*TRY IT*. Write out only the lines from the line that holds "the Persecuted是基督徒发表自己对神圣生命的透视,对现今世界的苦难和穷人... 2013-01-23" to the end of the listing below, inclusive, with the pictures omitted.

BEGIN INFORMATION PROVIDED

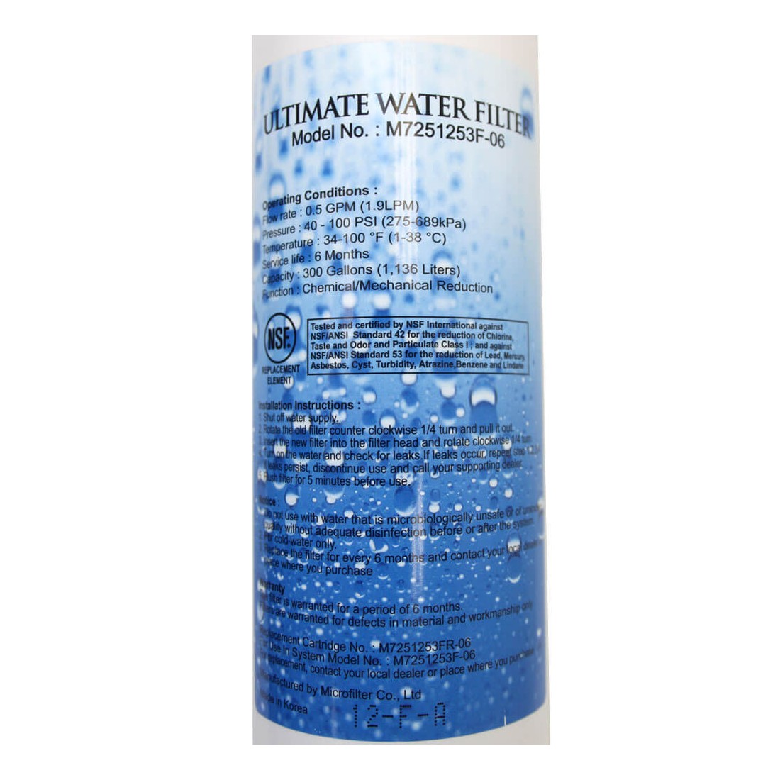 Le filtre frigo LG Ultimate M7251253F-06 filtre compatible est certifié NSF International sur la base de la norme NSF/ANSI 42.
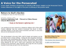 • 中国基督徒:请远离全能神!(图)   编者按:A Voice for the Persecuted是基督徒发表自己对神圣生命的透视,对现今世界的苦难和穷人... 2013-01-23
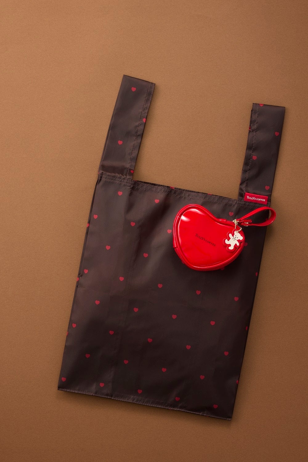 真っ赤なエナメル生地のポーチとチョコレートカラーに赤いハートを散りばめたエコバックのセット。ポーチにはベアフル®のチャームも付いています。

END INFORMATION PROVIDED

*FINISHED TASK*.
 • 中国基督徒:请远离全能神!(图)   编者按:A Voice for the Persecuted是基督徒发表自己对神圣生命的透视,对现今世界的苦难和穷人... 2013-01-23
 真っ赤なエナメル生地のポーチとチョコレートカラーに赤いハートを散りばめたエコバックのセット。ポーチにはベアフル®のチャームも付いています。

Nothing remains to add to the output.